Buckingham Town Football Club, known as Milton Keynes Robins for the last year of their existence, was a football club based in Buckingham, Buckinghamshire, England. They were established in 1883 and were one of the founding members of the Hellenic League in 1953. After lasting only four seasons they returned to local football, not re-emerging at a higher level until 1974. Having fallen into financial trouble by 2017 and having been evicted from their ground in 2011, they relocated permanently to Milton Keynes in 2019. The club was merged into Milton Keynes Irish a year later.

History
The club was established as Buckingham Town in 1883, playing their first match against Banbury United. They won the Aylesbury & District League in 1902–03 and 1936–37 and the North Bucks League in 1924–25, 1928–29, 1933–34, 1935–36, 1936–37, 1938–39, 1948–49 and 1949–50. They were founder members of the Hellenic League in 1953, but left after only four seasons. They won the Aylesbury & District League again in 1967–68.

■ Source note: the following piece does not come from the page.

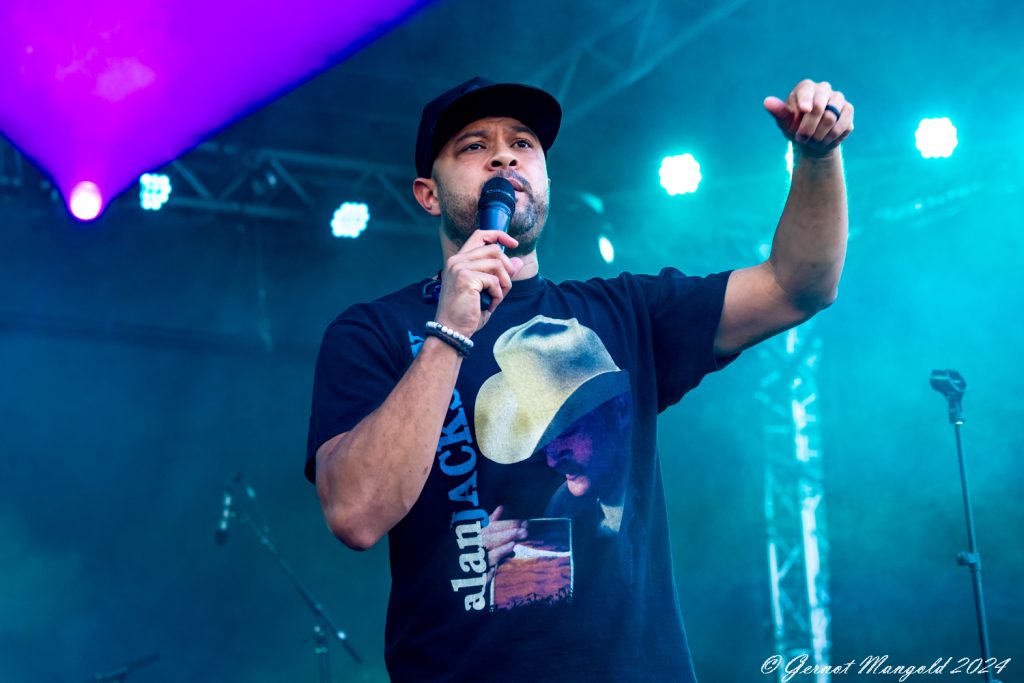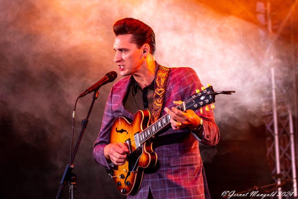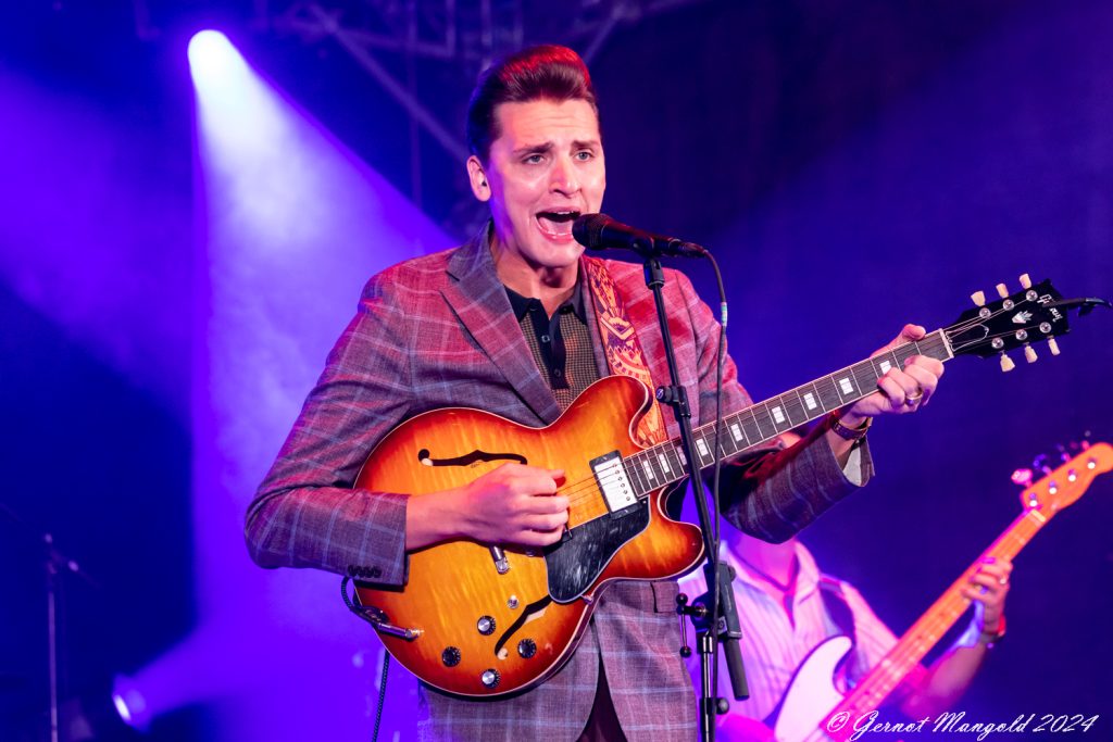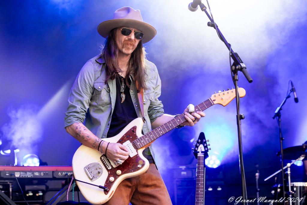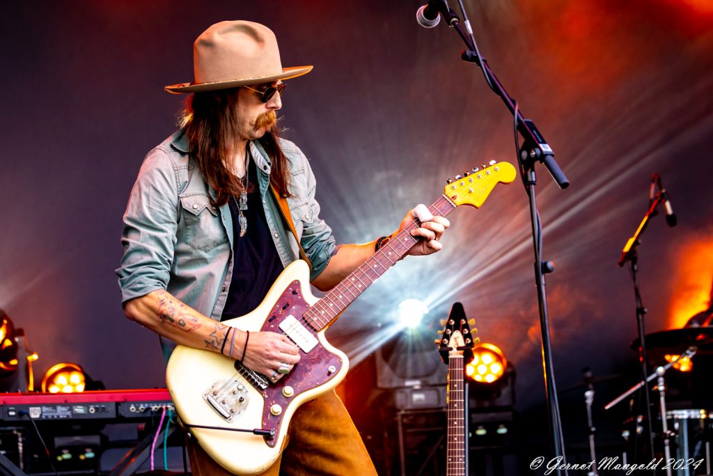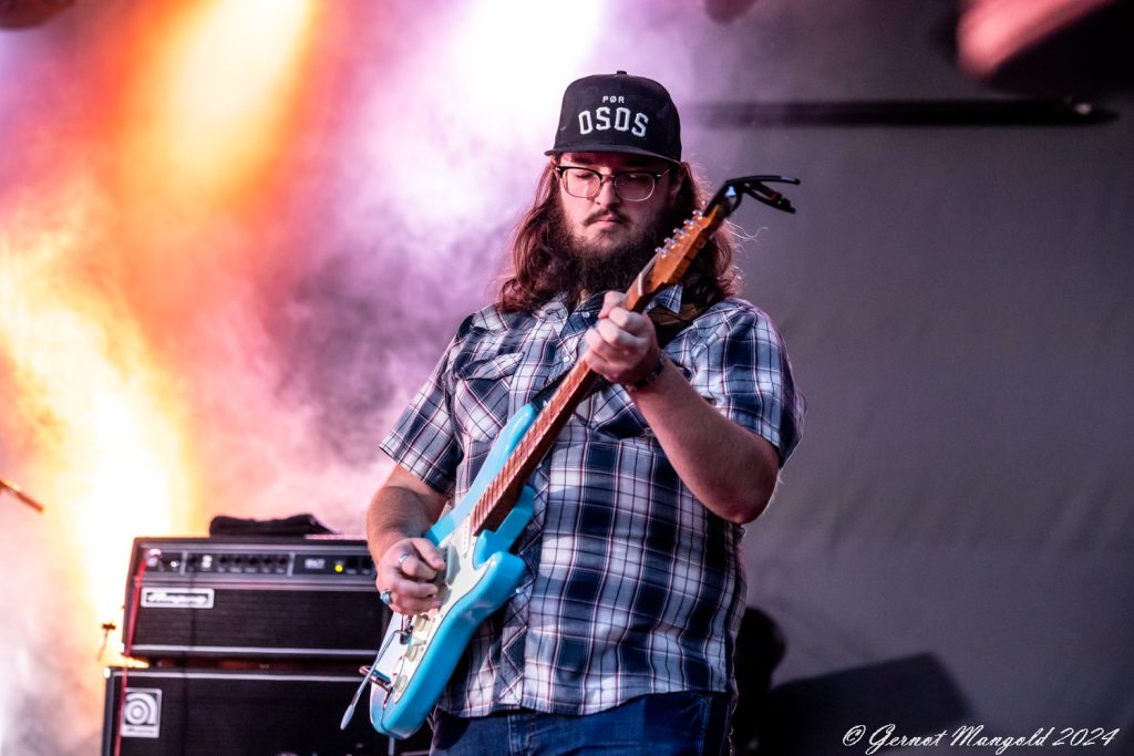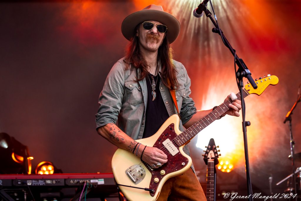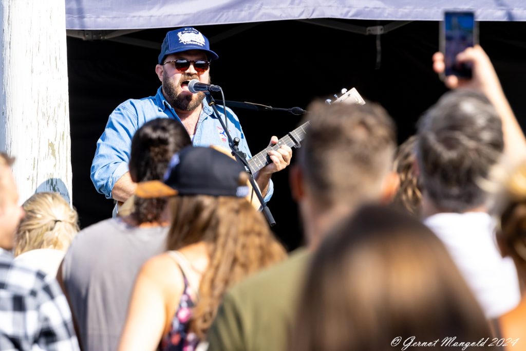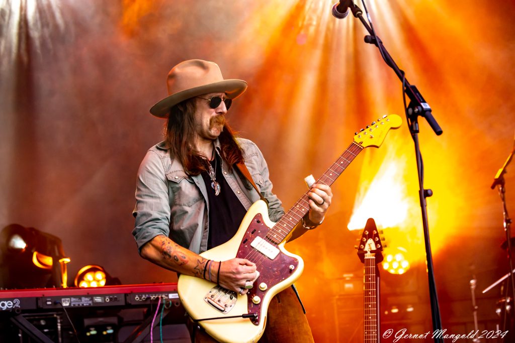 Überhaupt gefiel auch das ganze Drumherum. Da gab es Stände, wo man sich Merchandising-Sachen der involvierten Künstler, aber auch Country-typische Accessoires,  erwerben konnte, seine Talente beim Lassowerfen beweisen konnte, als auch weitere Wurfspiele und natürlich auch noch den aus den Blue Ridge Mountains kommenden Tyler Sjöström, der solo zwischen den drei Umbaupausen mit seiner grandiosen Stimme (erinnerte mich an den britischen Bluesbarden Sean Webster),  Songs aus seinem eigenen Fundus u. a. „Holding On“, Call Me Sweet, „Red River“) präsentieren konnte.

Buckingham Town joined Division One of the South Midlands League in 1971, where they played until joining Division Two of the United Counties League in 1974. Their first season in the league saw them finish second, earning promotion to Division One. After finishing as Division One runners-up in 1975–76, the club secured a second successive promotion, moving up to the Premier Division.  They were Premier Division champions and Knockout Cup winners in 1983–84, and the following season they reached the first round of the FA Cup for the first (and to date only) time in their history, losing 2–0 at home to Orient.

In 1985–86 Buckingham Town won the Premier Division again and were promoted to the Midland Division of the Southern League. After being transferred to the Southern Division in 1988, they won the division in 1990–91, but were not promoted as their ground failed to meet the standards required. They were moved back to the Midland Division in 1994, but returned to the Southern Division in 1996. However, after finishing bottom of the division in 1996–97, they were relegated back to the Premier Division of the United Counties League. The 2006–07 season saw them finish bottom of the Premier Division, resulting in relegation to Division One. The club announced that they were folding at the end of the 2017–18 season. However, the decision was later reversed.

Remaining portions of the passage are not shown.